Mutluluğa Koşun!
Yazan: Dr. Murat Kınıkoğlu
Koşu veya yoğun spor yapanların uyuşturucu almış gibi kendilerinden geçtiklerini biliyor muydunuz? Kısa koşulardan bahsetmiyorum, bu işi gerçekten spor amacıyla yapan, günde bir saatten az spor yapmayan kişilerden bahsediyorum. Bizim ülkede fazla yok ama batı ülkelerinde spor bağımlılarının sayısı oldukça fazla. Tabii bu bağımlılığın güzel bir farkı var; koşunun uyuşturuculardan farklı olarak hiçbir zararı yok, üstelik yalnız mutluluk vermekle kalmıyor aynı zamanda insanın ömrünü uzatıyor.
Archives of Internal Medicine dergisinin Ağustos 2008 sayısında yayınlanan bir makale, koşunun yaşlanmayı geciktirici etkisini bir kez daha göstermişti. Düzenli koşu alışkanlığı olan 50 yaşın üzerindeki 538 kişi ile, koşu yapmayan 423 kişiyi 20 yıl süreyle takip ediliyor. Bu süre içinde düzenli koşu yapanların %15’i, koşu yapmayanların ise %34’ü ölüyor. Gördüğünüz gibi oldukça önemli bir fark var. Hayatta kalan ve hâlâ spora devam eden katılımcılar şu anda 70-80 yaşlarındalar. Araştırmayı yapan doktorlar düzenli koşu yapmanın özellikle felç ve kalp krizinden ölümleri azalttığını söylüyor. Hastalarımın içinde koşu yapmayı “bir nevi zorlama” gibi kabul eden, dizleri veya kalbi için zararlı olabileceğini düşünenler olduğunu biliyorum. Eğer obez değilseniz ve başka bir ortopedik kusurunuz yoksa koşu yapmak hem kalbiniz hem de dizleriniz için son derece yararlıdır.
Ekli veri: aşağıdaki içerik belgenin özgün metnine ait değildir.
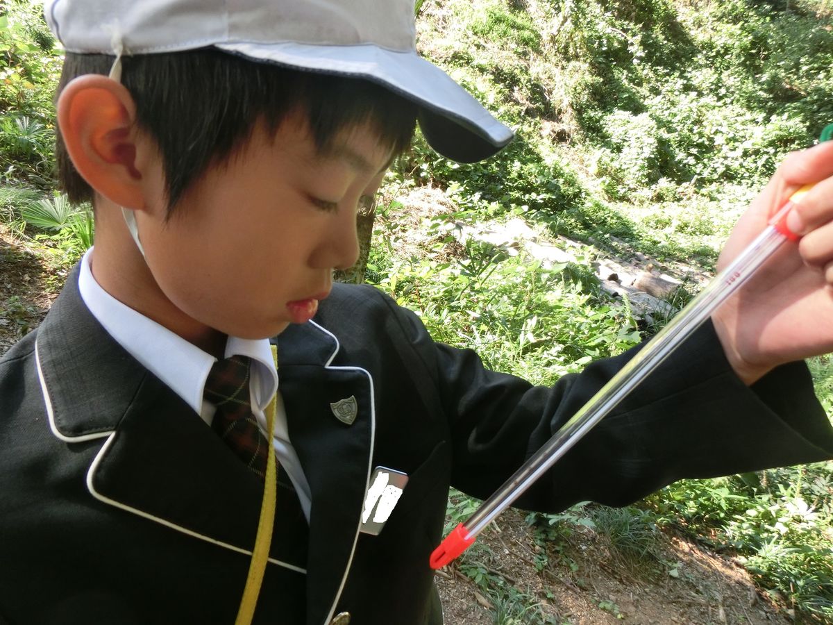 学校に隣接するビオトープ「EIKOの泉」での理科の授業の1コマです。
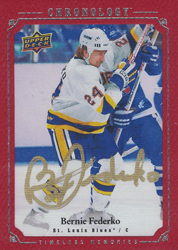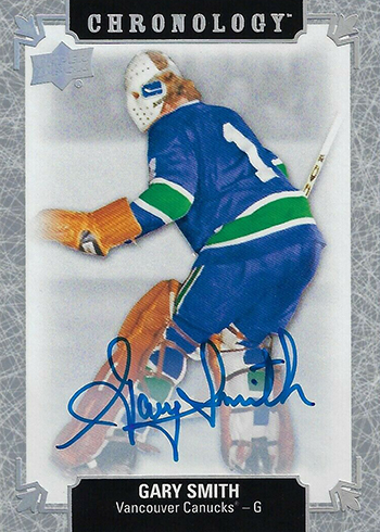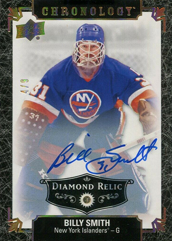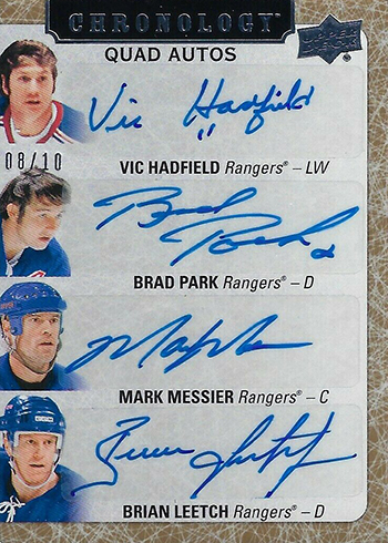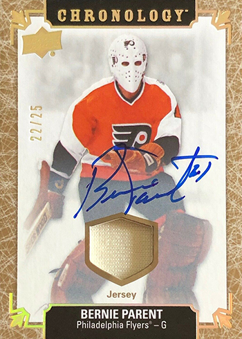 2018-19 Upper Deck Chronology Hockey cards are dedicated entirely to retired players. It’s the first set to use the manufacturer’s agreement with the NHL Alumni Association. Hobby boxes come with a single pack of four cards. At least one autograph is guaranteed. Two additional spots are reserved for either more signatures or chase cards.
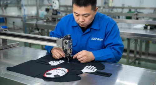 This is our meticulous assembly stage securely integrating Velcro fastening straps into our Large Dog Halloween Costumes, guaranteeing secure fit consistency and long-term reliability for wholesale partners.
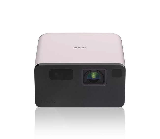 Epson EF-21R Full HD smart projector in red with Full HD 1080p, 3000 lumens, 3LCD technology, Android TV, Chromecast, and Bluetooth audio. Stylish portable design for home cinema, gaming, and streaming up to 150 inches.
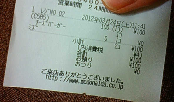 なるほど、マックでは水もレシート
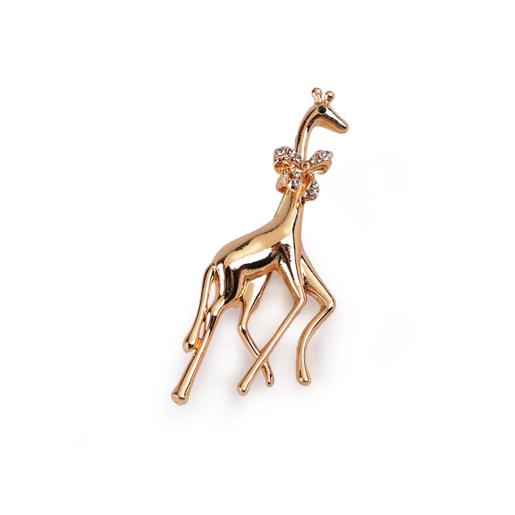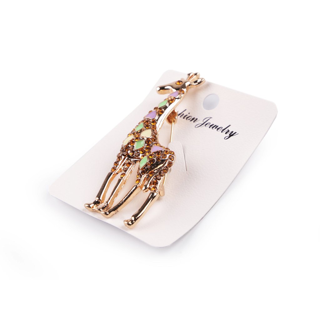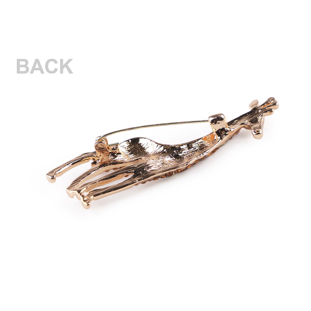 Kovová brož s designem žirafy je originálním doplňkem oděvů, tašek, batohů i šátků. Díky broušeným kamínkům se efektně třpytí. Zapíná se pomocí spínacího špendlíku.
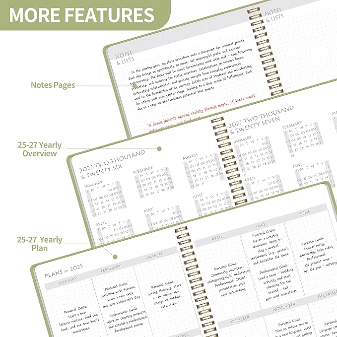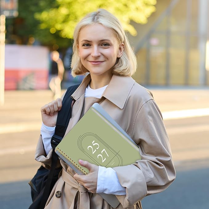 - Stylish Design: Our 2025-2027 Monthly Planner features a sleek and elegant green cover with "25-27" prominently displayed in the center, making it a fashionable addition to your workspace.
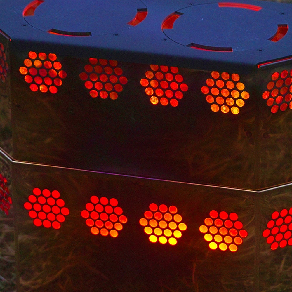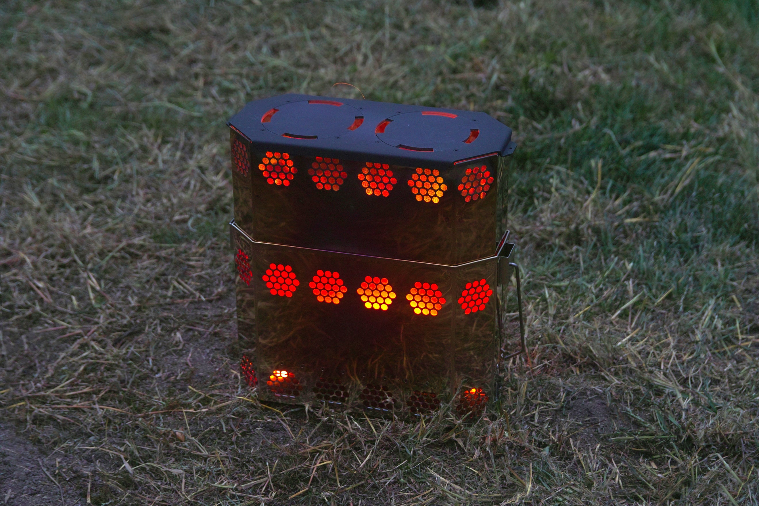 全面に配置された六角の窓からは、赤熱した燃焼室や燃焼筒内の炭の炎を見ることができます。
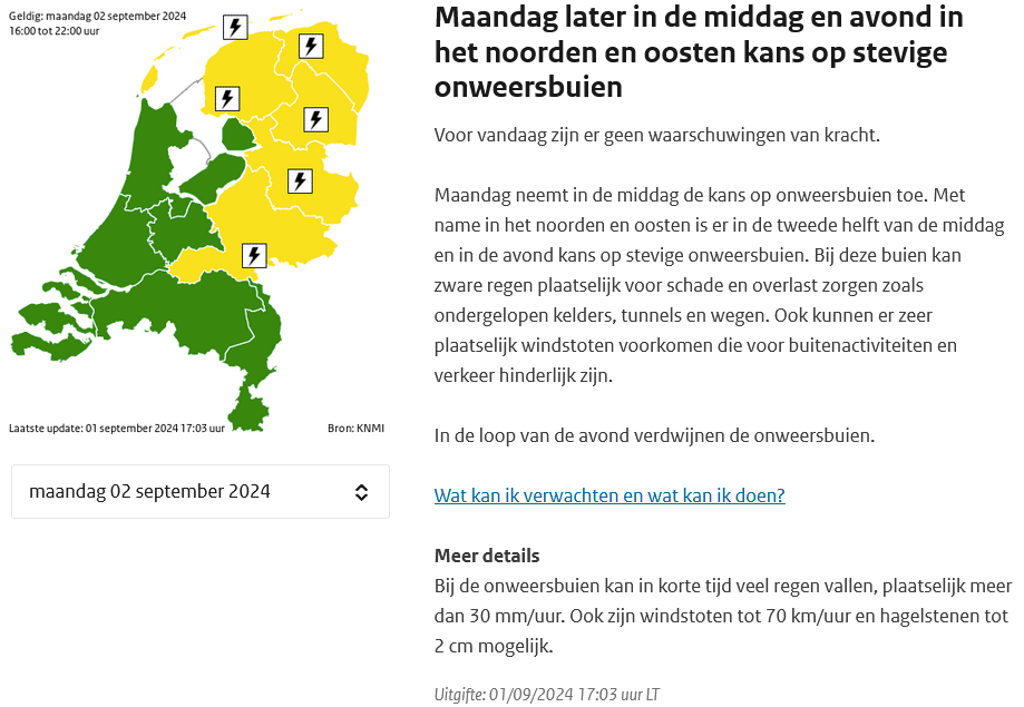 Het heeft wel iets dat de symbolen, zoals die worden weergegeven in de zesdaagse verwachting op het startscherm van weerwoord, automatisch zwart worden als er een waarschuwing van het KNMI van kracht is. Die is dus een uurtje geleden uitgegaan, en gaat over het te verwachten onweer morgenmiddag en -avond, van 16 tot 22 uur. Is dat eindtijdstip trouwens niet te vroeg gekozen? En Limburg heeft geen waarschuwing, of ook Noord Brabant; Utrecht en Flevoland? Er zijn zelfs berekeningen die in het westen het een en ander geven.
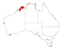 It is native to an area in the Kimberley region of Western Australia[1] where it is found in the catchment are of the Prince Regent River and east of Walcott Inlet and also in the catchment area of the Drysdale River where it is situated in a variety of habitat mostly around sandstone as a part of Eucalyptus woodland communities.[2]
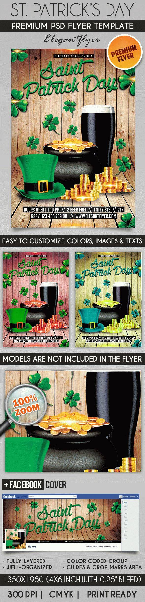 圣帕特里克日 - 传单PSD模板+ Facebook封面
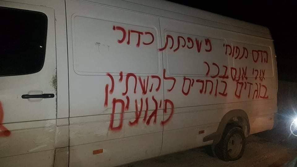 بالصور..مستوطنون يعطبون مركبات ويخطون شعارات عنصرية بالقدس
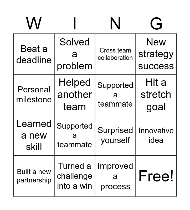 This bingo card has 18 words: Supported a teammate, Free!, Cross team collaboration, Beat a deadline, Surprised yourself, New strategy success, Built a new partnership, Solved a problem, Hit a stretch goal, Learned a new skill, Improved a process, Personal milestone, Innovative idea, Helped another team, Supported a teammate, Professional development, Turned a challenge into a win and Made it through FY25!.
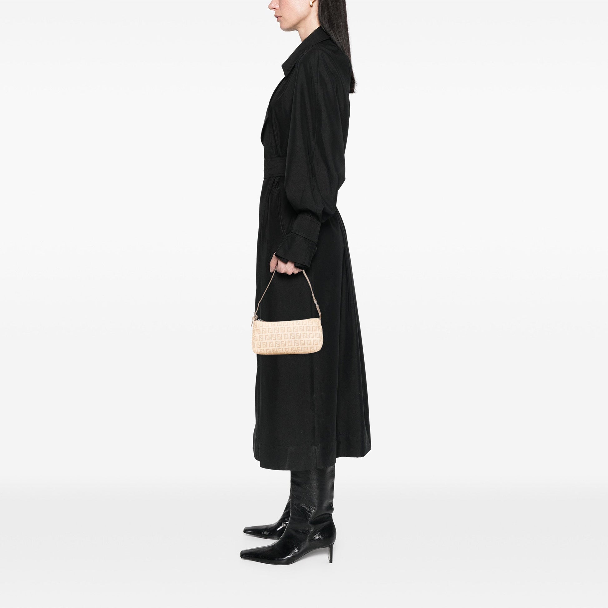 Icona essenziale della fine anni ’90, questa Fendi Baguette in versione mini conserva tutta la grinta del logo Zucchino, reinterpretato in una tonalità neutra e versatile. Un modello leggero, pratico, perfetto da portare a spalla o da aggiungere come accessorio di styling ai look contemporanei.
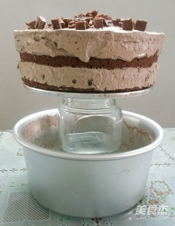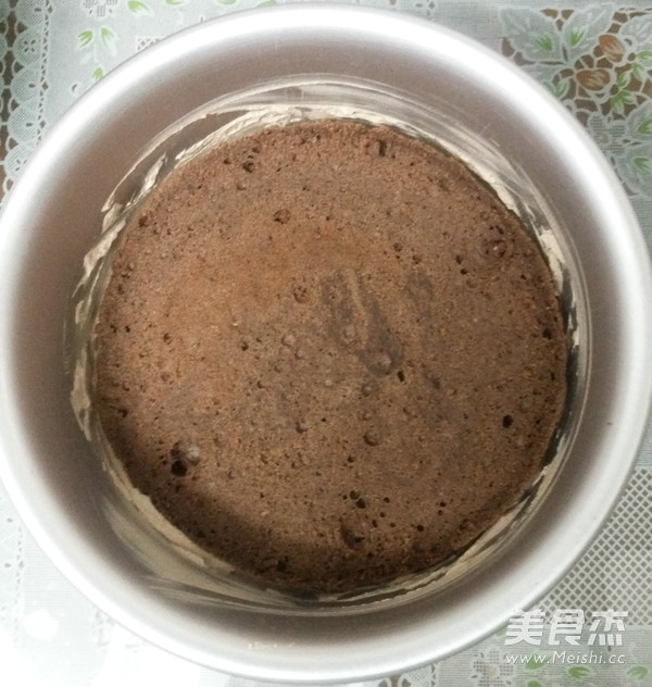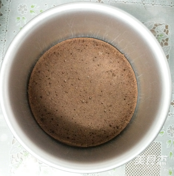 这里,拿过模具,放入一片巧克力海棉蛋糕(事先用剪刀剪小一圈)

Çağımızın sık görülen rahatsızlarından birisi olan depresyonun bu kadar artma nedenlerden birisinin eskisi kadar bedensel hareket yapmamamız olduğunu düşünüyorum. Artık yorulmuyoruz, daha doğrusu bedenimiz değil sadece zihnimiz yoruluyor. Kaslarımızı yeteri kadar kullanmayınca fiziksel aktivite ile tetiklenen mutluluk hormonları aktive olmuyor. Tarlada, güneşin altında saatlerce çalıştıktan sonra ağrıyan kaslarıyla kavak ağacının serin gölgesinde ayran yudumlayan Mehmet Amca, üzerinde yarına yetişmesi gereken onlarca dosya olan bir masada neskafesini yudumlayan Nuri Bey’den daha mutluydu. (Ayrıca bakınız: Hamlık Ağrısı)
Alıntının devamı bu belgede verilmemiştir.